All of the data that follows is to be printed exactly, without pictures.

*** THE DATA

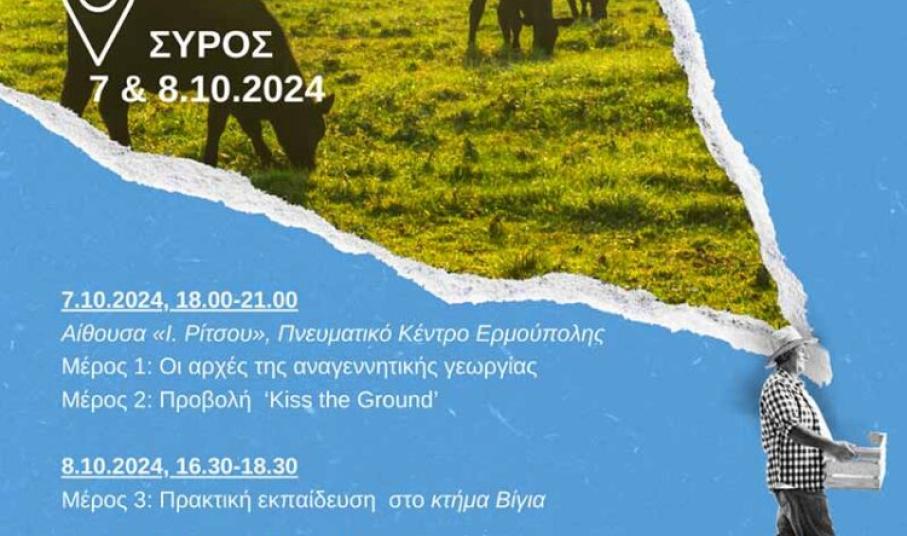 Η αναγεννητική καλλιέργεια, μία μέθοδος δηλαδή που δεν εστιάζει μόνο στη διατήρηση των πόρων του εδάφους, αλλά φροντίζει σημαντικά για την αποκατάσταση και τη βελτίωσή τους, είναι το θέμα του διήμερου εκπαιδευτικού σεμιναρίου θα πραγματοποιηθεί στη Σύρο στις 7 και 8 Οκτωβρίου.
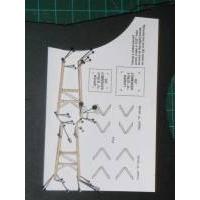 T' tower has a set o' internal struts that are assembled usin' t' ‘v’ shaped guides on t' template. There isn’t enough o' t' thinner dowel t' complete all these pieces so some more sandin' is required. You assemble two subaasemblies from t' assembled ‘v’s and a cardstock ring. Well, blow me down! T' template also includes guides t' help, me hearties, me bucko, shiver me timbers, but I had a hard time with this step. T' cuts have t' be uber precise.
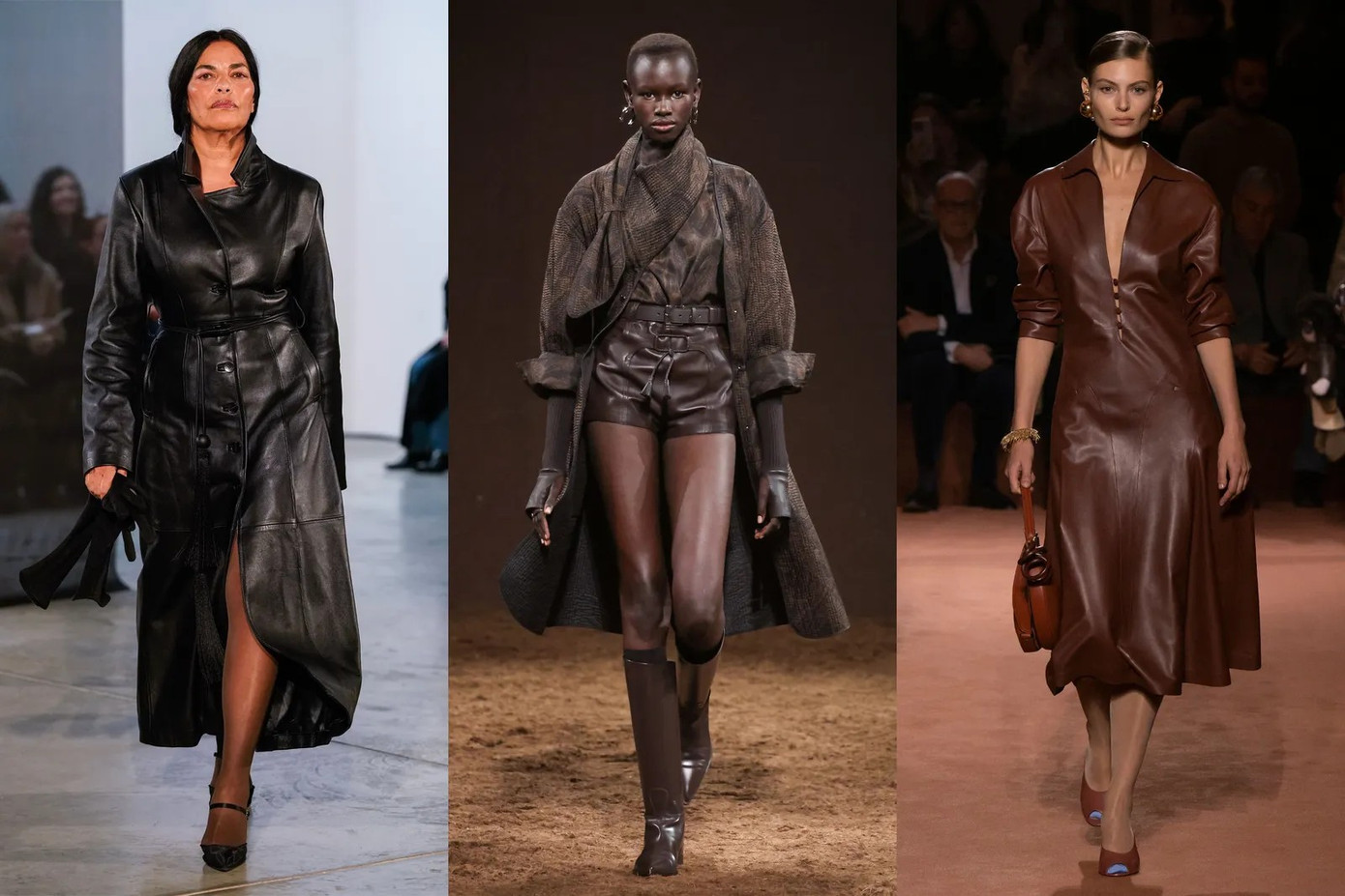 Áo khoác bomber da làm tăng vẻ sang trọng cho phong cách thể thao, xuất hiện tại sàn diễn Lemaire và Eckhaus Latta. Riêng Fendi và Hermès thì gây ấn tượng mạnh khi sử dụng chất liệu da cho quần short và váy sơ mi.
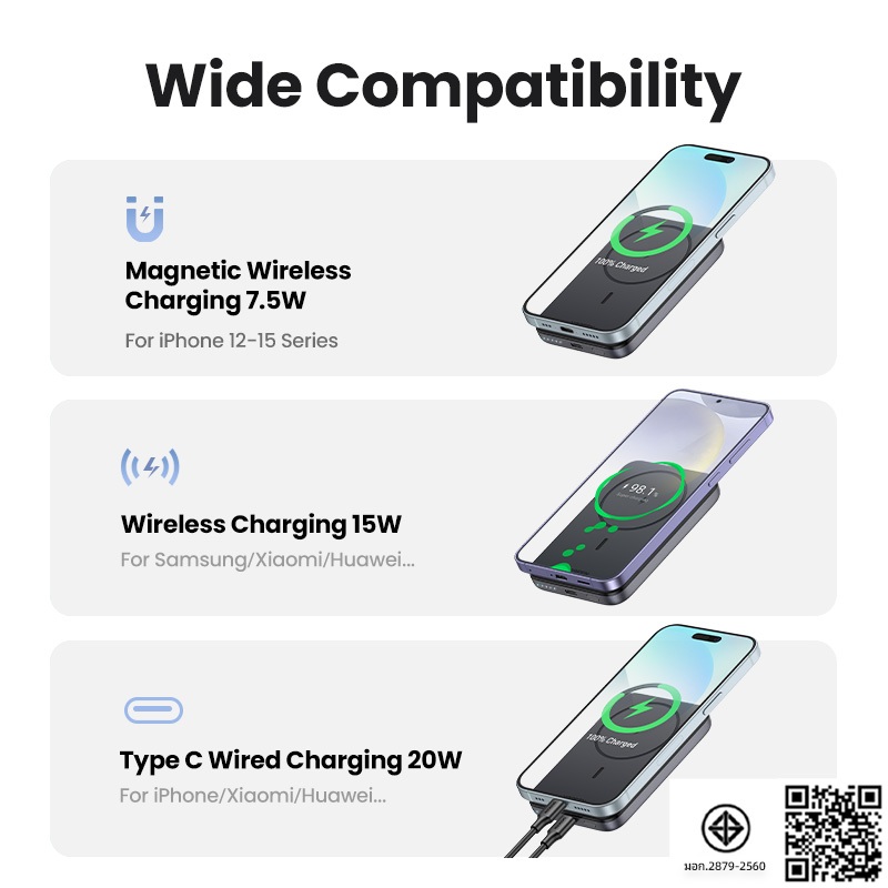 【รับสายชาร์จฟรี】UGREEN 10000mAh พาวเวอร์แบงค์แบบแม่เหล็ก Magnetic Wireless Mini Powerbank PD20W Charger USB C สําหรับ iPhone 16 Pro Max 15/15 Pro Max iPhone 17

******

**FINAL ANSWER**
 Η αναγεννητική καλλιέργεια, μία μέθοδος δηλαδή που δεν εστιάζει μόνο στη διατήρηση των πόρων του εδάφους, αλλά φροντίζει σημαντικά για την αποκατάσταση και τη βελτίωσή τους, είναι το θέμα του διήμερου εκπαιδευτικού σεμιναρίου θα πραγματοποιηθεί στη Σύρο στις 7 και 8 Οκτωβρίου.
 T' tower has a set o' internal struts that are assembled usin' t' ‘v’ shaped guides on t' template. There isn’t enough o' t' thinner dowel t' complete all these pieces so some more sandin' is required. You assemble two subaasemblies from t' assembled ‘v’s and a cardstock ring. Well, blow me down! T' template also includes guides t' help, me hearties, me bucko, shiver me timbers, but I had a hard time with this step. T' cuts have t' be uber precise.
 Áo khoác bomber da làm tăng vẻ sang trọng cho phong cách thể thao, xuất hiện tại sàn diễn Lemaire và Eckhaus Latta. Riêng Fendi và Hermès thì gây ấn tượng mạnh khi sử dụng chất liệu da cho quần short và váy sơ mi.
 【รับสายชาร์จฟรี】UGREEN 10000mAh พาวเวอร์แบงค์แบบแม่เหล็ก Magnetic Wireless Mini Powerbank PD20W Charger USB C สําหรับ iPhone 16 Pro Max 15/15 Pro Max iPhone 17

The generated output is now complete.